'''
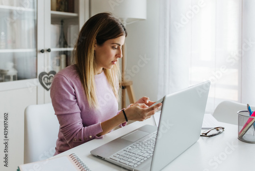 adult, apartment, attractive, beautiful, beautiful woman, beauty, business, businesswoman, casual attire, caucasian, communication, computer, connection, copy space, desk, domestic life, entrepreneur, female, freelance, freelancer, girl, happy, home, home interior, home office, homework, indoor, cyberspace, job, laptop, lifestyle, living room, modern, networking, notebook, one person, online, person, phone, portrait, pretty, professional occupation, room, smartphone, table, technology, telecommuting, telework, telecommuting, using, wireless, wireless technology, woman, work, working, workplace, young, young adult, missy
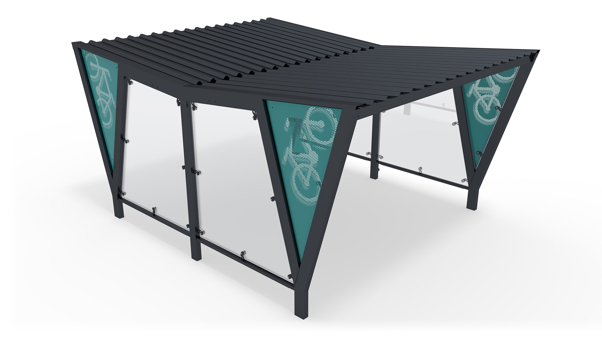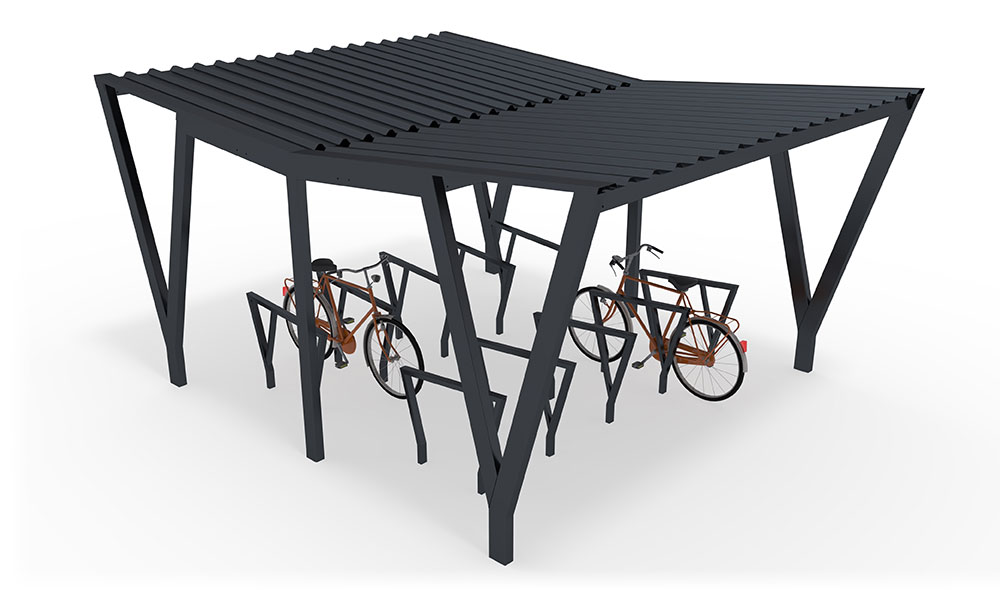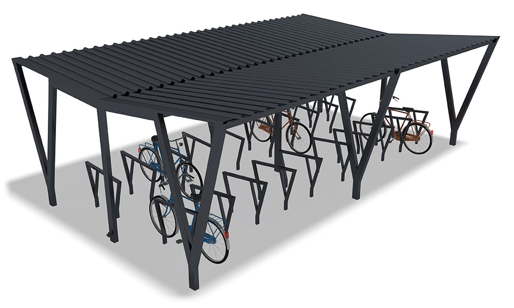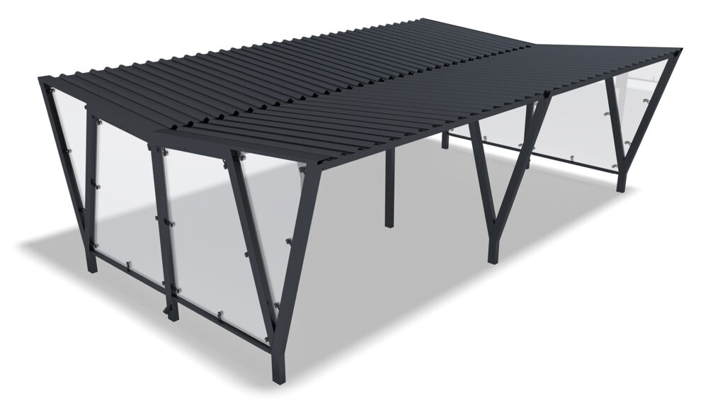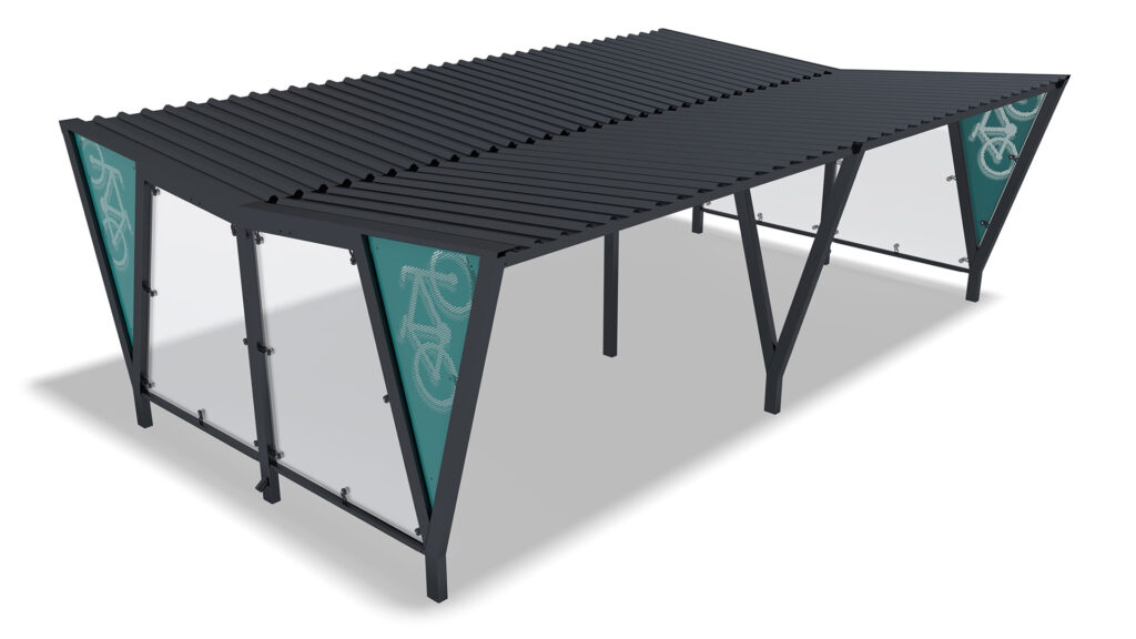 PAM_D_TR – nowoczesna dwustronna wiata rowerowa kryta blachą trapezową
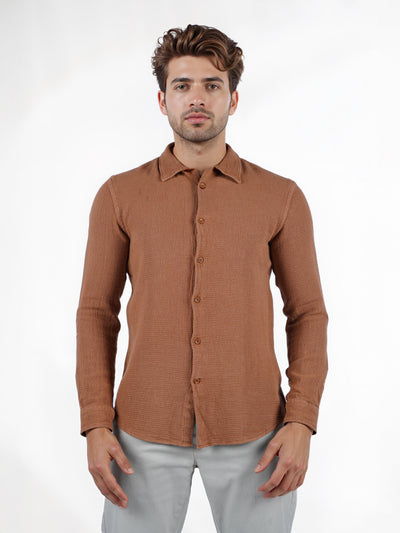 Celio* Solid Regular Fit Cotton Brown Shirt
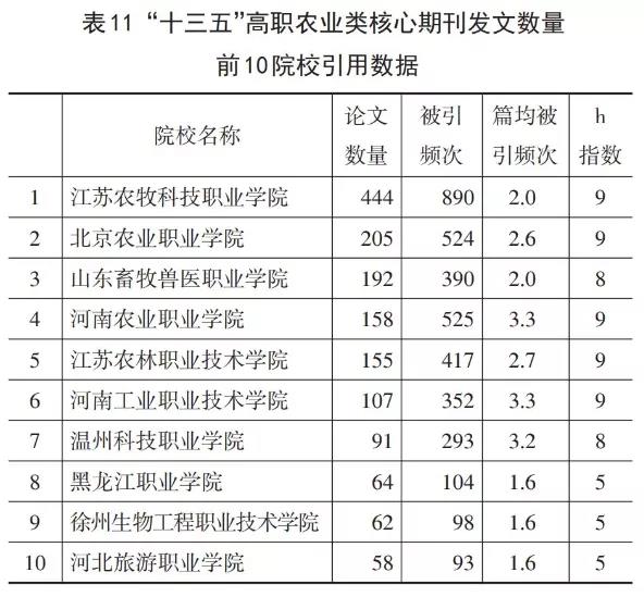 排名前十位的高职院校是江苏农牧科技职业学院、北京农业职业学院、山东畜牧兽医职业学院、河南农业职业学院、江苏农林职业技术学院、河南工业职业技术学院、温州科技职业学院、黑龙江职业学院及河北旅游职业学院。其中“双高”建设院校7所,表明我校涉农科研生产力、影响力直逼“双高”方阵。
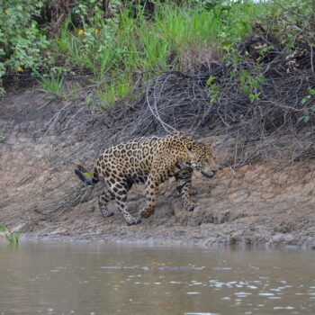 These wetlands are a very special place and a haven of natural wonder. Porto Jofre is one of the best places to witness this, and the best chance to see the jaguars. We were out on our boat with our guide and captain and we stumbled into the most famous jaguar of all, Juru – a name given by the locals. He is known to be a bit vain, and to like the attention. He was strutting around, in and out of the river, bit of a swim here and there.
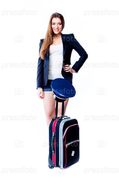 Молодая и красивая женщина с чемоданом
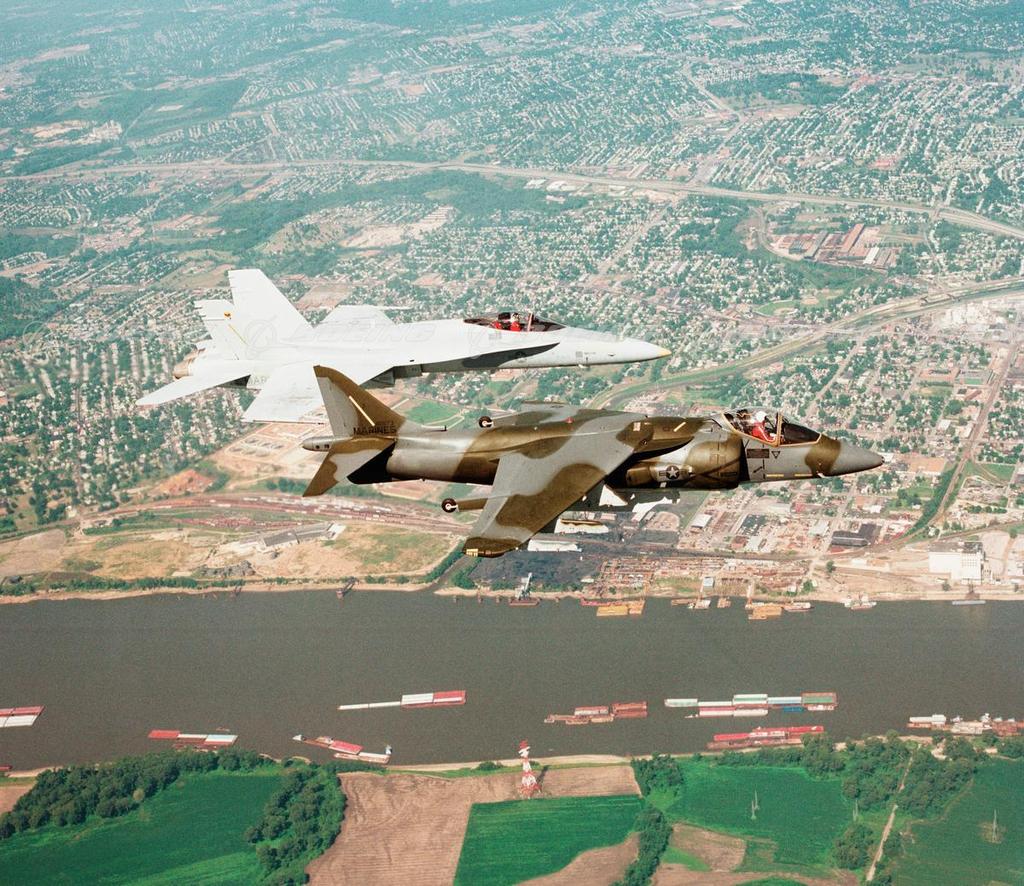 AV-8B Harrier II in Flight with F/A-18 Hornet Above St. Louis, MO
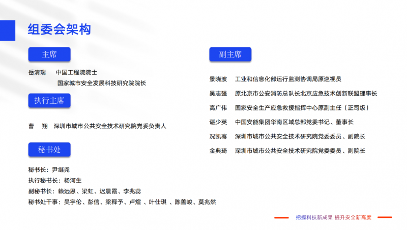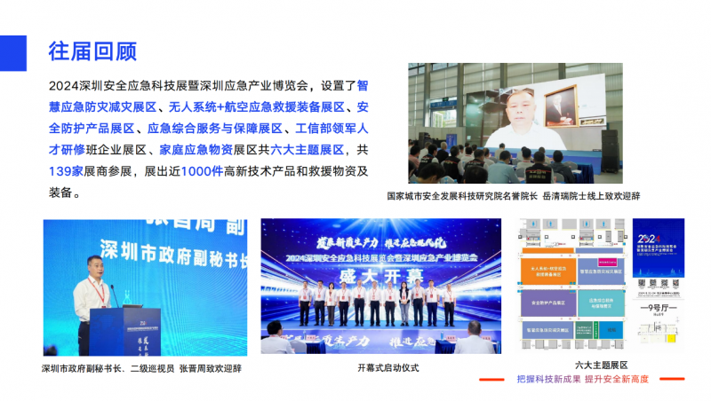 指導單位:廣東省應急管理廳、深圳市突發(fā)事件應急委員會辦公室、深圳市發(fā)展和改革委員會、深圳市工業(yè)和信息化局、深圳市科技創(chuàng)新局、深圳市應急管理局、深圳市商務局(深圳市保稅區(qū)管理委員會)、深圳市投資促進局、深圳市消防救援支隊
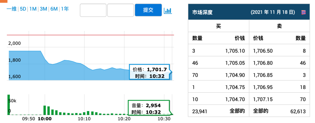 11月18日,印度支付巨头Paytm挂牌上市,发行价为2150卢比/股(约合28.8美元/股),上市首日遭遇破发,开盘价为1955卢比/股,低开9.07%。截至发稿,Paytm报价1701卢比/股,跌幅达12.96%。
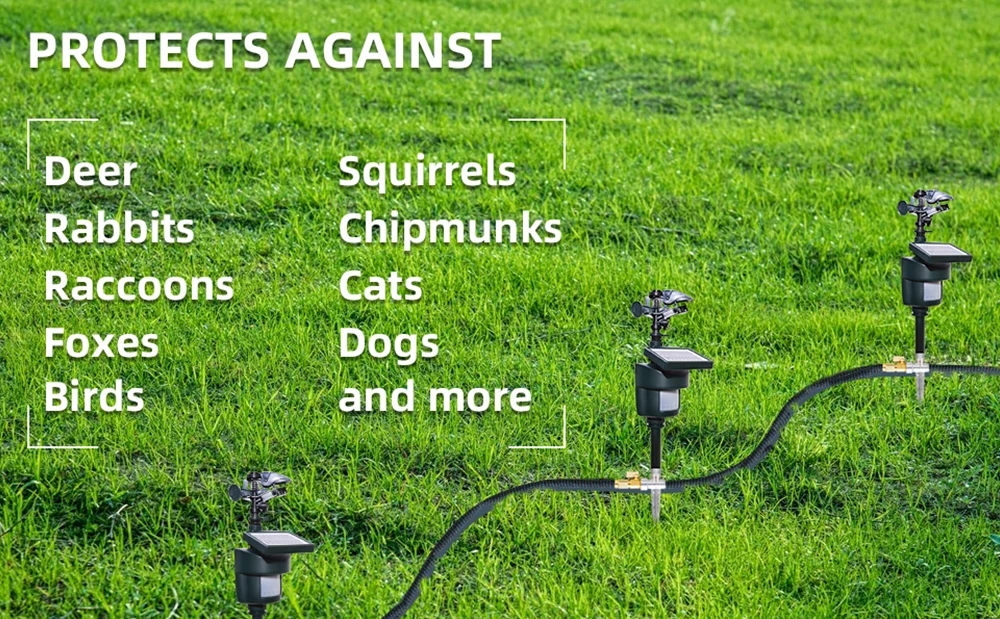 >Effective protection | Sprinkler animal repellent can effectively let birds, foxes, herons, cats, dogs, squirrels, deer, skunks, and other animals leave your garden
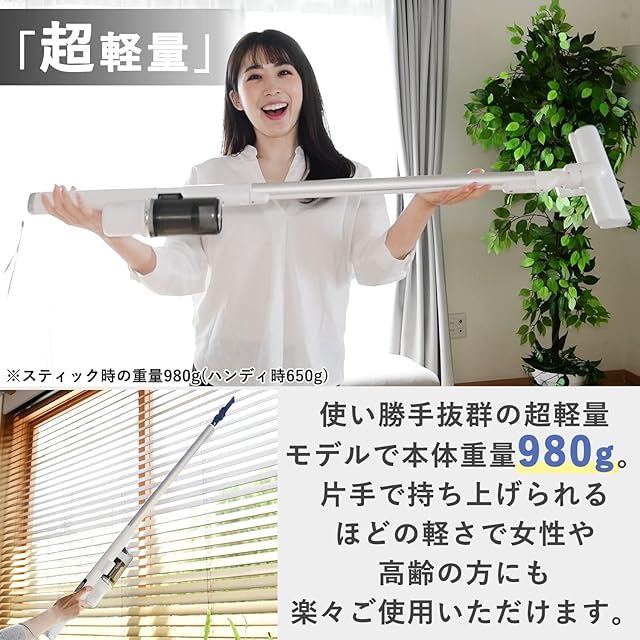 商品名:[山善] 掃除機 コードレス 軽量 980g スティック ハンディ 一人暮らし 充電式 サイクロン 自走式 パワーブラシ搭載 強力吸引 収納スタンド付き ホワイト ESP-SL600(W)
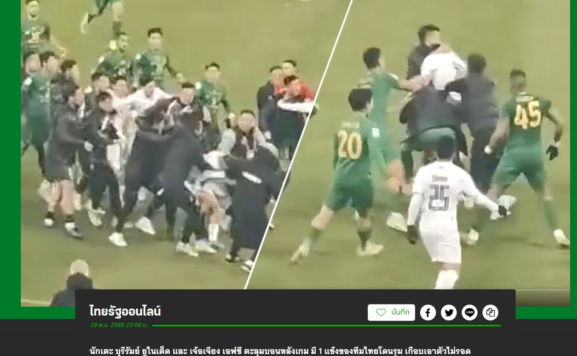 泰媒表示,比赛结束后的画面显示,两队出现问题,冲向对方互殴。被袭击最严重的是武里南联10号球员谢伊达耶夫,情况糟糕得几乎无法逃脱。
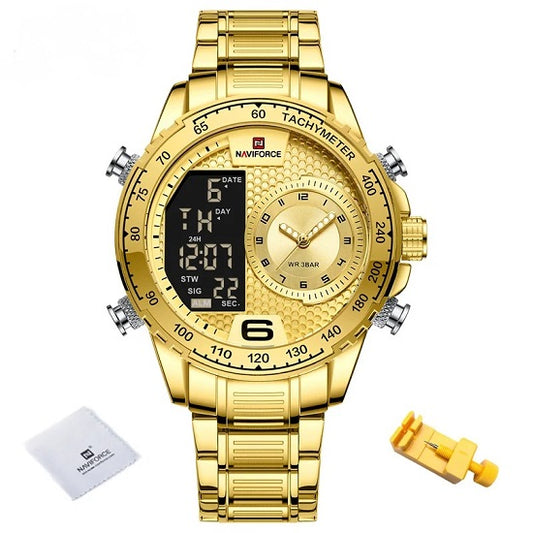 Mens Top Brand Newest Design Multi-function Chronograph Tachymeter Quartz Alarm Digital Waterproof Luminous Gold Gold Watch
'''
» **Prompt**
The data above must be given back verbatim, minus its images.

» **Solution for this problem**
 adult, apartment, attractive, beautiful, beautiful woman, beauty, business, businesswoman, casual attire, caucasian, communication, computer, connection, copy space, desk, domestic life, entrepreneur, female, freelance, freelancer, girl, happy, home, home interior, home office, homework, indoor, cyberspace, job, laptop, lifestyle, living room, modern, networking, notebook, one person, online, person, phone, portrait, pretty, professional occupation, room, smartphone, table, technology, telecommuting, telework, telecommuting, using, wireless, wireless technology, woman, work, working, workplace, young, young adult, missy
 PAM_D_TR – nowoczesna dwustronna wiata rowerowa kryta blachą trapezową
 Celio* Solid Regular Fit Cotton Brown Shirt
 排名前十位的高职院校是江苏农牧科技职业学院、北京农业职业学院、山东畜牧兽医职业学院、河南农业职业学院、江苏农林职业技术学院、河南工业职业技术学院、温州科技职业学院、黑龙江职业学院及河北旅游职业学院。其中“双高”建设院校7所,表明我校涉农科研生产力、影响力直逼“双高”方阵。
 These wetlands are a very special place and a haven of natural wonder. Porto Jofre is one of the best places to witness this, and the best chance to see the jaguars. We were out on our boat with our guide and captain and we stumbled into the most famous jaguar of all, Juru – a name given by the locals. He is known to be a bit vain, and to like the attention. He was strutting around, in and out of the river, bit of a swim here and there.
 Молодая и красивая женщина с чемоданом
 AV-8B Harrier II in Flight with F/A-18 Hornet Above St. Louis, MO
 指導單位:廣東省應急管理廳、深圳市突發(fā)事件應急委員會辦公室、深圳市發(fā)展和改革委員會、深圳市工業(yè)和信息化局、深圳市科技創(chuàng)新局、深圳市應急管理局、深圳市商務局(深圳市保稅區(qū)管理委員會)、深圳市投資促進局、深圳市消防救援支隊
 11月18日,印度支付巨头Paytm挂牌上市,发行价为2150卢比/股(约合28.8美元/股),上市首日遭遇破发,开盘价为1955卢比/股,低开9.07%。截至发稿,Paytm报价1701卢比/股,跌幅达12.96%。
 >Effective protection | Sprinkler animal repellent can effectively let birds, foxes, herons, cats, dogs, squirrels, deer, skunks, and other animals leave your garden
 商品名:[山善] 掃除機 コードレス 軽量 980g スティック ハンディ 一人暮らし 充電式 サイクロン 自走式 パワーブラシ搭載 強力吸引 収納スタンド付き ホワイト ESP-SL600(W)
 泰媒表示,比赛结束后的画面显示,两队出现问题,冲向对方互殴。被袭击最严重的是武里南联10号球员谢伊达耶夫,情况糟糕得几乎无法逃脱。
 Mens Top Brand Newest Design Multi-function Chronograph Tachymeter Quartz Alarm Digital Waterproof Luminous Gold Gold Watch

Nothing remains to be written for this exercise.